Твердая позиция в защите своего достоинства студенту-еврею в Венском университете была, безусловно, необходима. Юдофобские силлогизмы звучали порой с самых высоких кафедр. Профессор Христиан Альберт Теодор Бильрот (Christian Albert Theodor Billroth, 1829-1894) один из создателей современной хирургии, чьи операции на желудке до сих пор изучают студенты-медики во всех университетах мира, блестящий ученый, недурной композитор, почитатель и добрый знакомый Иоганеса Брамса публично предложил ввести квоту на медицинских факультетах для «культурно недоразвитых» евреев. «Ведь даже если евреи говорят и думают на более богатом немецком языке, чем многие чистокровные тевтонцы, они не могут считаться настоящими немцами. Между чистой немецкой и еврейской кровью - огромная разница» - Так говорил профессор. А студенты-христиане, возбужденные рассуждениями учителя, иногда начинали буйствовать: били евреев и изгоняли их из аудиторий.
Конечно же, не каждый ариец того времени разделял взгляды великого хирурга. Профессор физиологии Эрнст Вильгельм фон Брюкке (Ernst Wilhelm von Brücke, 1819-1892) в течение многих лет выказывал Фрейду, то, что можно было бы назвать расположением. К этому рыжеволосому протестанту с севера Германии окружающие относились с опаской из-за его идеализма, нескрываемого презрения к слабостям и неорганизованности. Студенты ежились под его взглядом.
У Фрейда же почтение к фон Брюкке, похоже, обернулось, если воспользоваться психоаналитической лексикой, появившейся позже, интроектом «Хорошего Отца». На протяжении всей своей жизни, как пишет ученик и биограф Фрейда Эрнест Джонс (Ernest Jones, 1879-1958), основателю психоанализа суждено было видеть перед собой «стальные голубые глаза» профессора Брюкке всякий раз, когда его одолевало «искушение пренебречь собственным долгом». Эрнст, младший сын Фрейда, родившейся в год смерти фон Брюкке получил свое имя в его честь.

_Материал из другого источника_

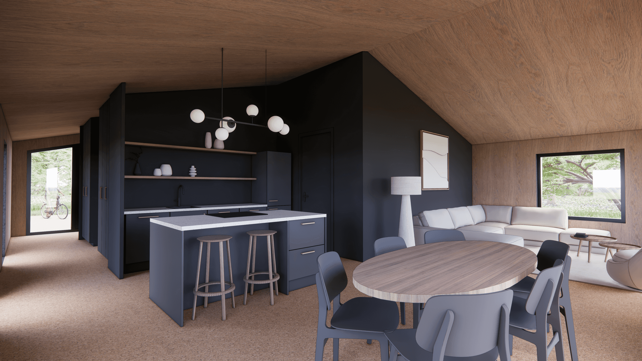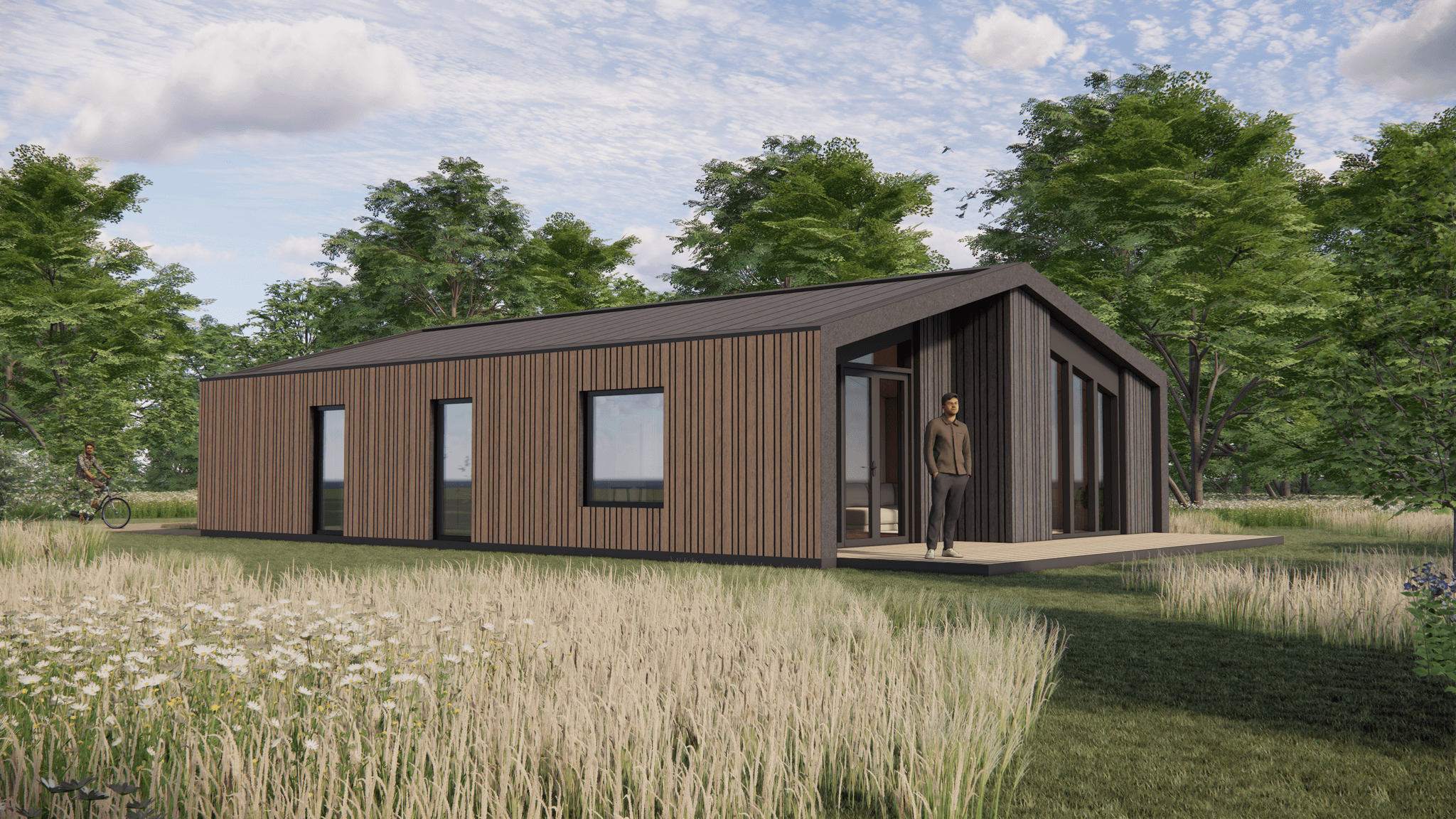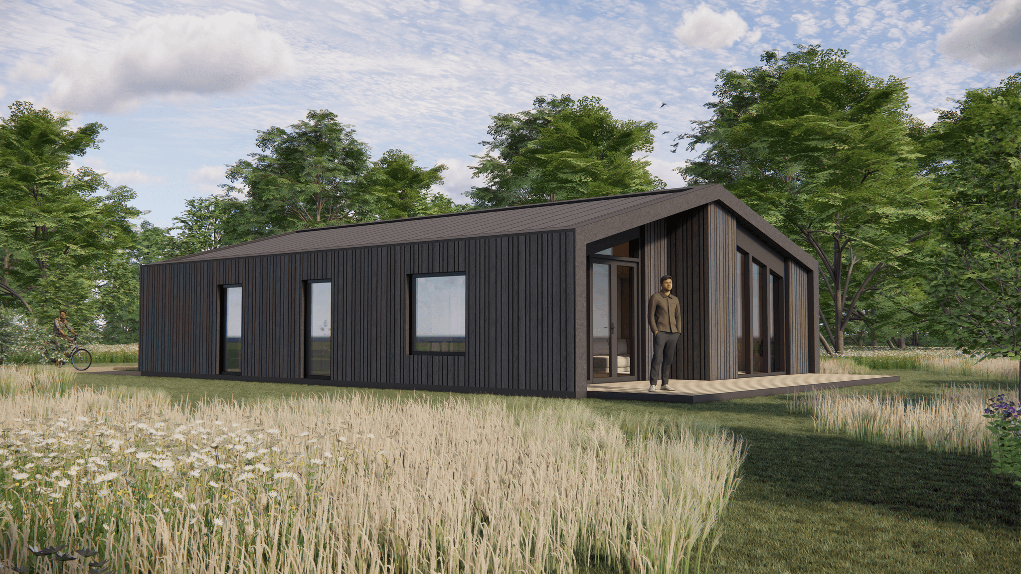 De Millhome 100 heeft één woonlaag met een open leefruimte als het hart van het huis. Wonen, eten en koken lopen hier vloeiend in elkaar over. Grote ramen en openslaande deuren naar de vlonders zorgen voor veel daglicht en een fijne verbinding met buiten.
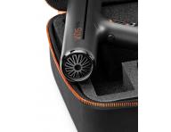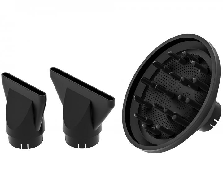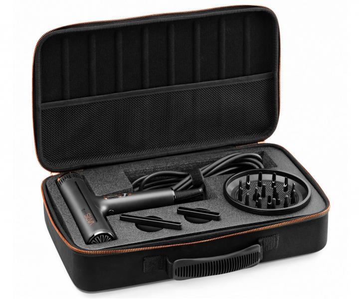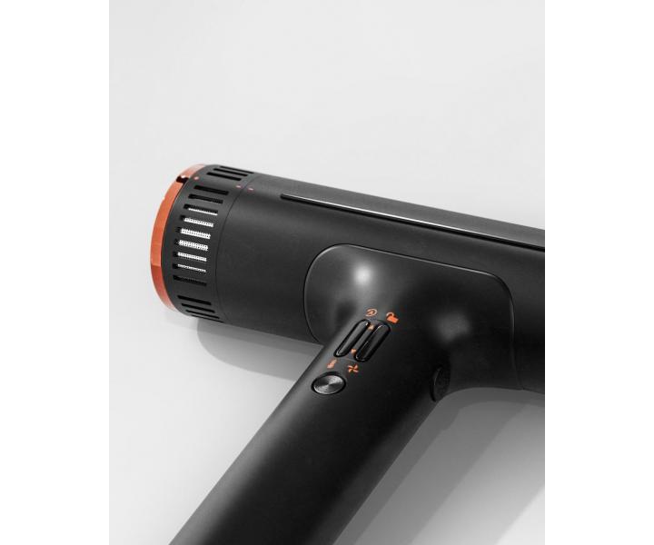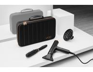 Profesionálny fén na vlasy Varis AirQ Hair Dryer na prvý pohľad zaujme svojim inovatívnym a moderným designom, ale aj svojou komplexnosťou a výkonom. Fén disponuje motorom s výkonom až 1800 W a rýchlosťou 110 000 otáčok za minútu. Úzky tvar fénu umožňuje násobiť tzv. Venturiho efekt - teda šírenie intenzívnejšieho prúdu vzduchu, ktorý je možné vďaka vákuovému efektu docieliť bez nutnosti spotreby väčšieho množstva energie. Na rukoväti fénu sa nachádzajú tlačidlá pre nastavenie teploty a rýchlosti vzduchu. Tá umožňujú nastaviť jednu z troch možností rýchlosti vzduchu a jednu zo štyroch možností teploty vzduchu. O zvolených hodnotách informujú LED diódy pri príslušnom tlačidle. Nechýba ani samostatné tlačidlo studeného vzduchu na zafixovanie účesu. Aby v priebehu fénovania nedošlo k nechcenému prenastaveniu hodnôt, je fén vybavený funkciou automatického uzamknutia tlačidiel, ktorá sa sama aktivuje 8 sekúnd po nastavení požadovaných hodnôt. Pre deaktiváciu tejto funkcie stačí pridržať tlačidlo s obrázkom zámku. Pre šetrnejšie vysúšanie vlasov je trubica fénu napustená hydroiontovými kryštálmi, tie vlasom dodávajú hydratáciu a ošetrujú ich. Odnímateľný filter fénu zachytí aj tie najmenšie čiastočky a nečistoty z okolitého vzduchu, čím chráni motor fénu a predlžuje jeho životnosť. Funkcia automatického čistenia udržuje fén čistý a vždy pripravený na použitie. Súčasťou balenia sú dve vzduchové trysky a difuzér. Fén aj príslušenstvo sú uložené v praktickom pevnom kufríku so zapínaním na zips.
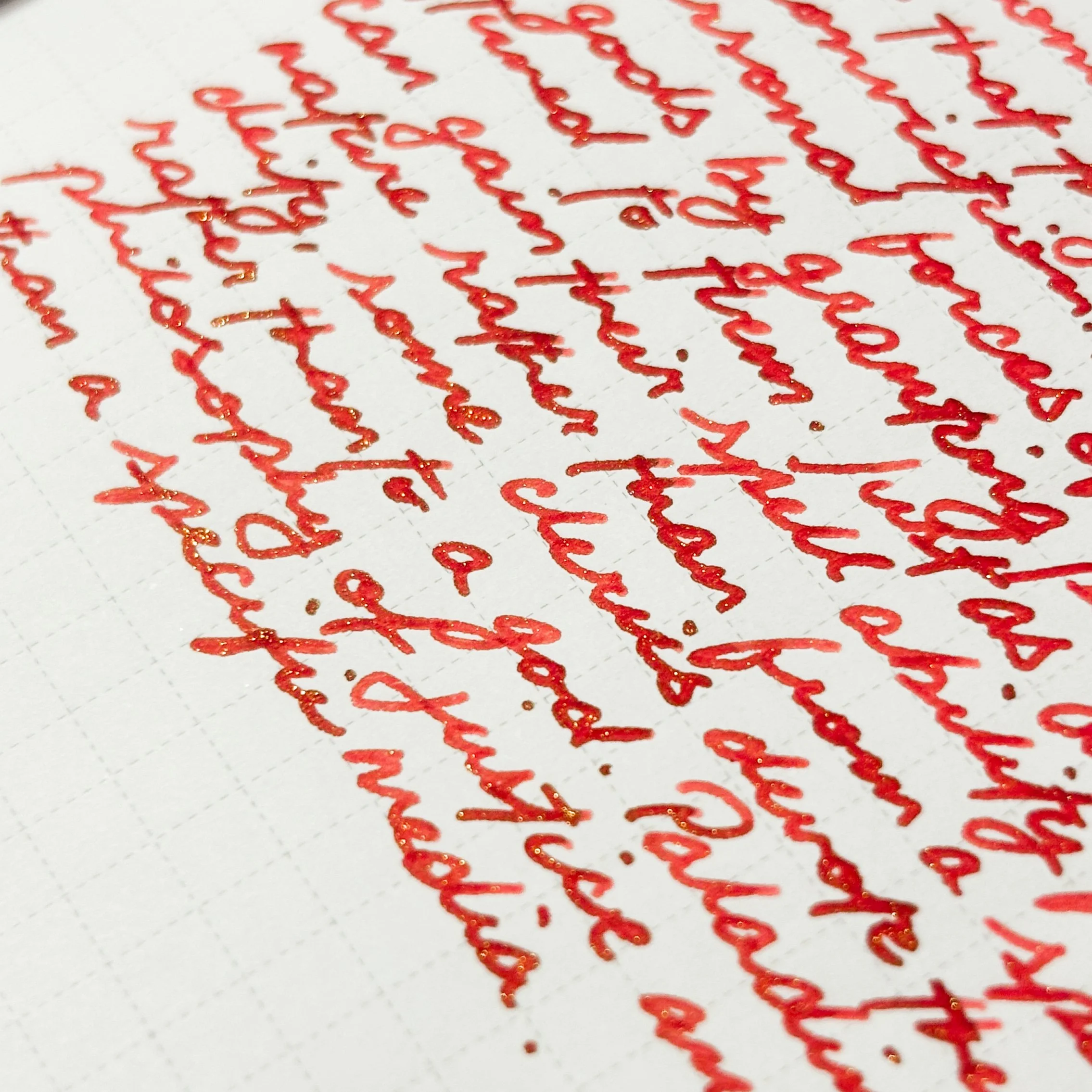 A loud red ink with subtle golden shimmer, and some golden-green sheen.
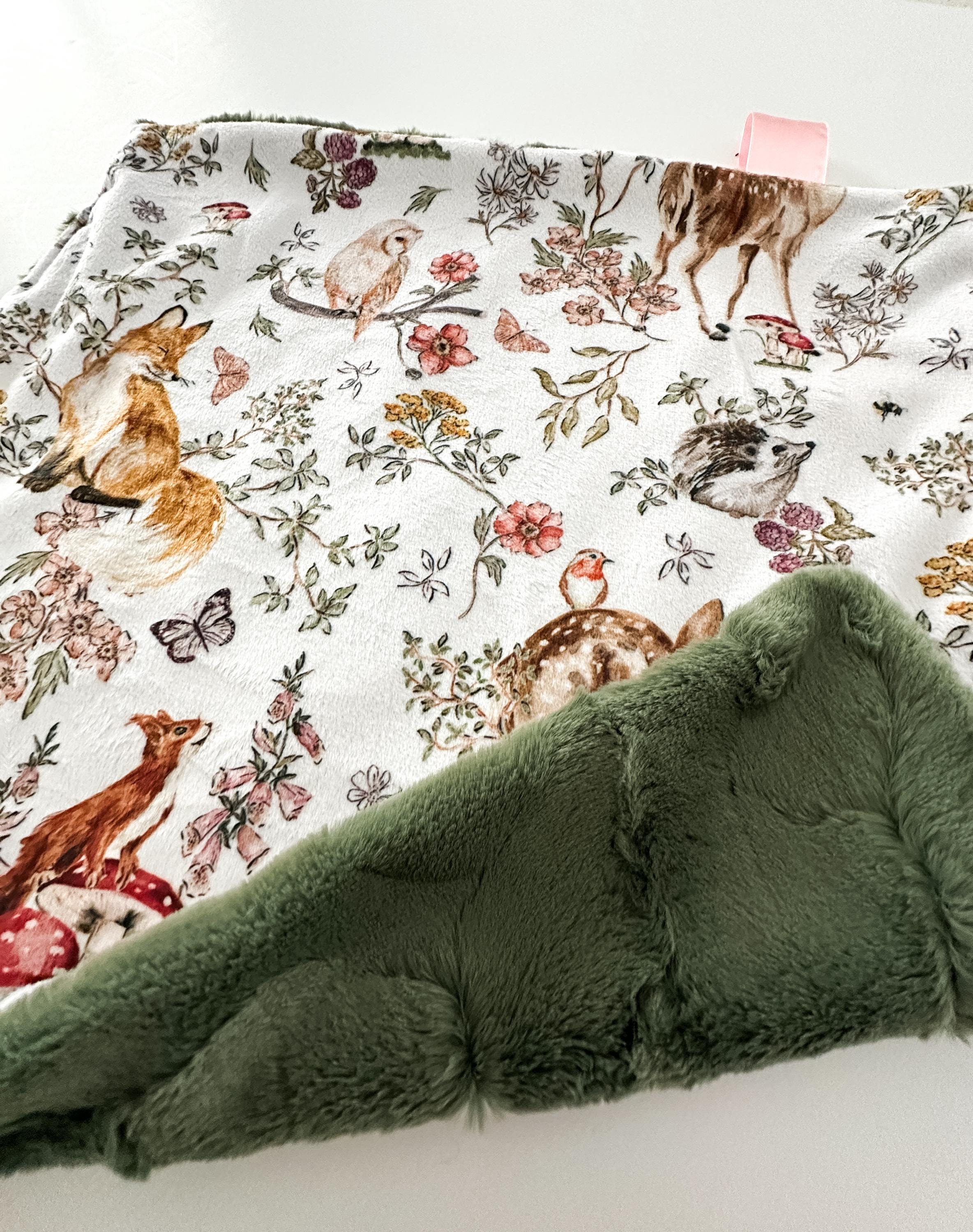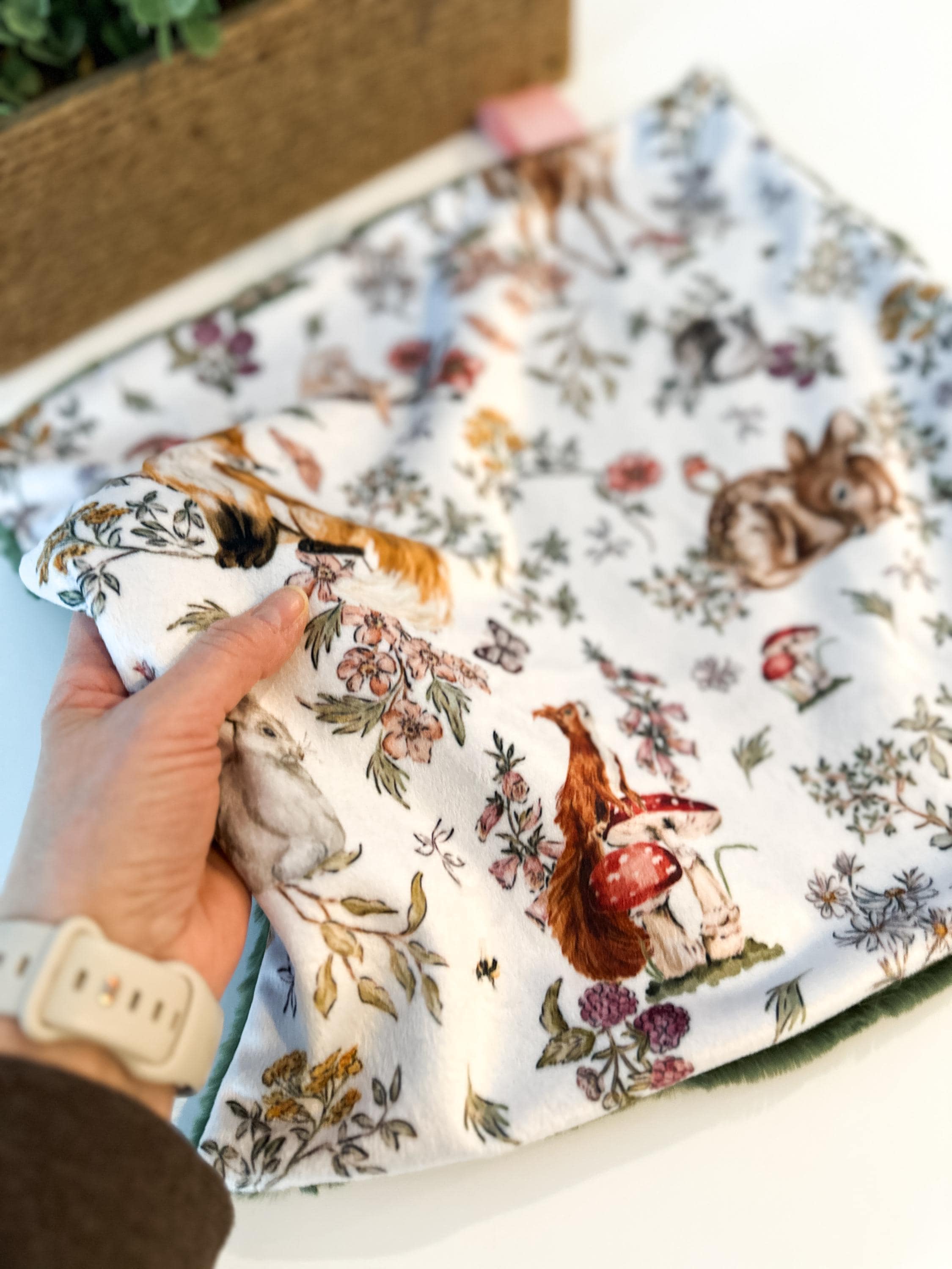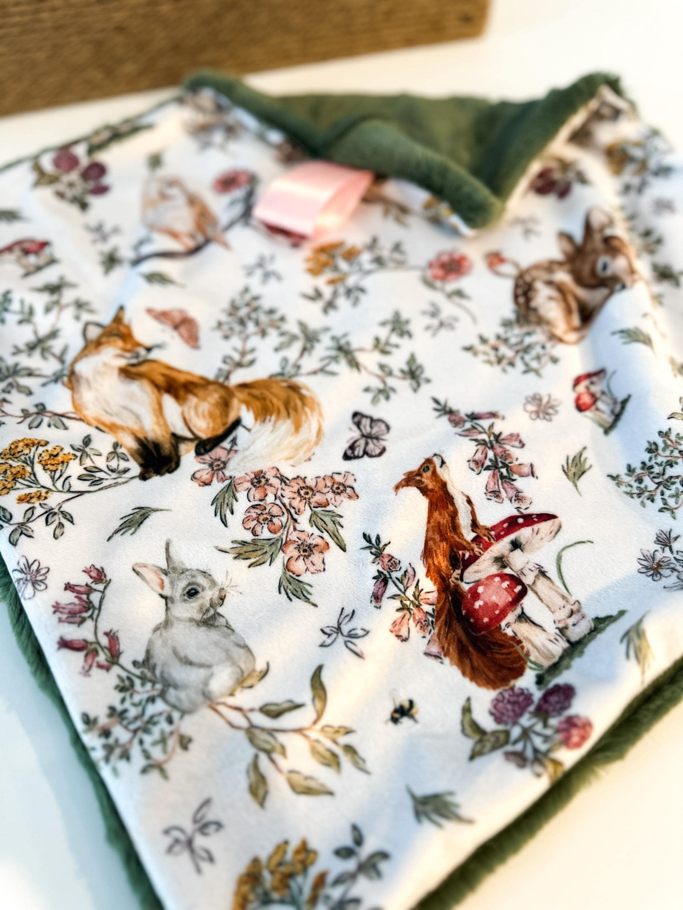 Looking for the *perfect* blanket for your little one? Our Sweet Woodland Animals Lovey or Baby Blanket is everything you need—soft, cozy, and oh-so-cuddly! Made with buttery minky fabric and a plush faux fur backing, this blanket feels like a warm hug. It’s lightweight too, so it’s perfect for every season—even those warm summer nights.
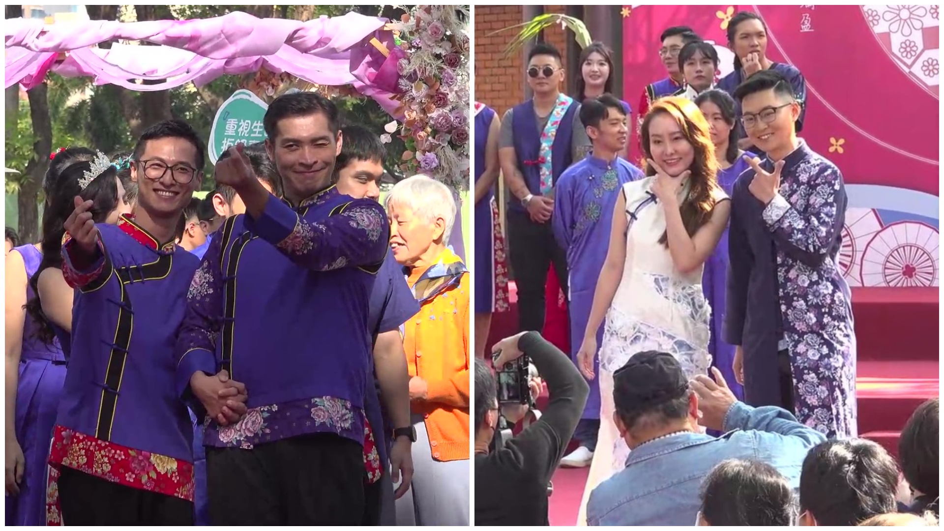 ↑圖說:21對新人中有4對是同性伴侶,其中還包括原住民與非客籍人士(圖片來源:記者 賴君欣 拍攝)
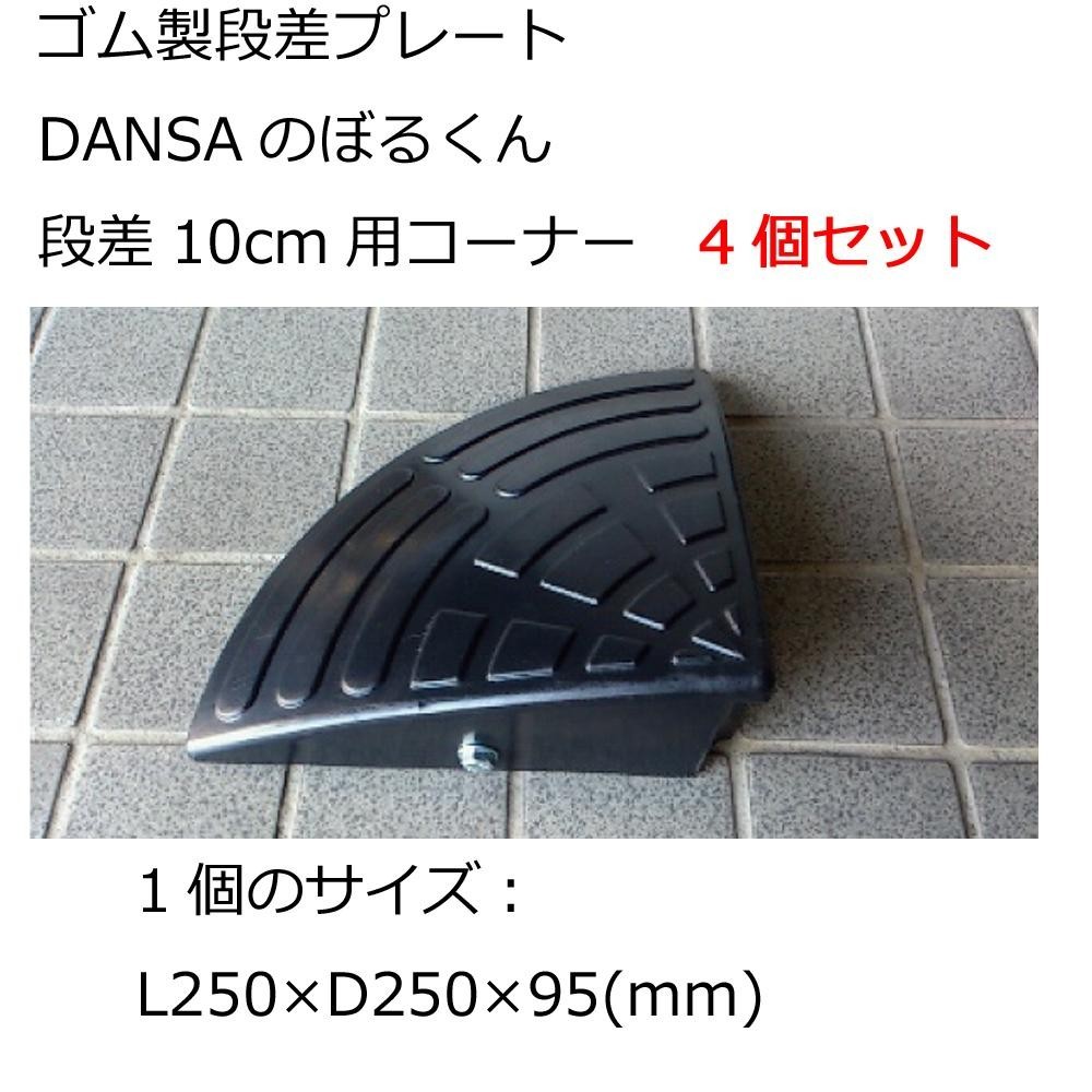 ゴム製段差プレートです。 製造国:ベトナム 素材・材質:ゴム ※サプライヤー直送品 ご注文後2~3営業日後の出荷となります【商品名】ゴム製段差プレート DANSAのぼるくん 段差10cm用コーナー 4個セット

Окончив медицинский факультет, Зигмунд Фрейд занялся изучением центральной нервной системы в физиологическом институте профессора Брюкке, что вполне удовлетворяло его интеллектуально, но, увы, приносило весьма скудный доход. Знакомство Зигмунда Фрейда в апреле 1882 года с Мартой Бернайс усилило его недовольство своей бедностью. Зарплаты демонстратора физиологического института не хватило бы на содержание семьи, даже при самой жесткой экономии.
* * *
Марта была на пять лет моложе Зигмунда. Она жила с матерью-вдовой, сестрой Минной и братом Эли. Дедушка Марты, Исаак Бернайс, был главным раввином Гамбурга. Его имя неоднократно упоминал в своих письмах Генрих Гейне, с которым семья Бернайсов состояла в родстве. Поэт называл рава Исаака «geistreicher Mann» - мудрый, ученый человек. Старший сын Исаака Бернайса, Михаэль, крестившись, стал профессором истории литературы Мюнхенского университета и личным учителем (Lehr-Konsul) Баварского короля Людвига. В 1866 году Михаэль Бернайс издал книгу о Гёте. Второй сын Исаака Бернайса Яков преподавал латынь и древнегреческий в Гейдельбергском университете. Он не захотел, подобно брату, заплатить отступничеством за профессуру. После крещения Михаэля Яков, в соответствии с традицией, соблюдал траур, как если бы его брат умер. Третий сын Исаака Бернайса Берман, отец Марты, был не вполне удачливым торговцем. Он даже сидел в тюрьме за злостное банкротство. Умер Берман Бернайс, когда Марте было восемнадцать.
13 сентября 1886 года в ратуше Вандсбека, близь Гамбурга, – «родовом гнезде» Бернайсов, состоялось гражданское бракосочетание Марты и Шломо-Зигмунда Фрейда.
На следующий день после этой церемонии, по настоянию Бернайсов, была хупа(5). Дядя Марты Элиас научил Фрейда говорить на иврите: «Вот, ты посвящаешься мне в жены этим кольцом по Закону Моше и Израиля!» – Эти слова жених произносит во время бракосочетания, надевая кольцо на палец невесты.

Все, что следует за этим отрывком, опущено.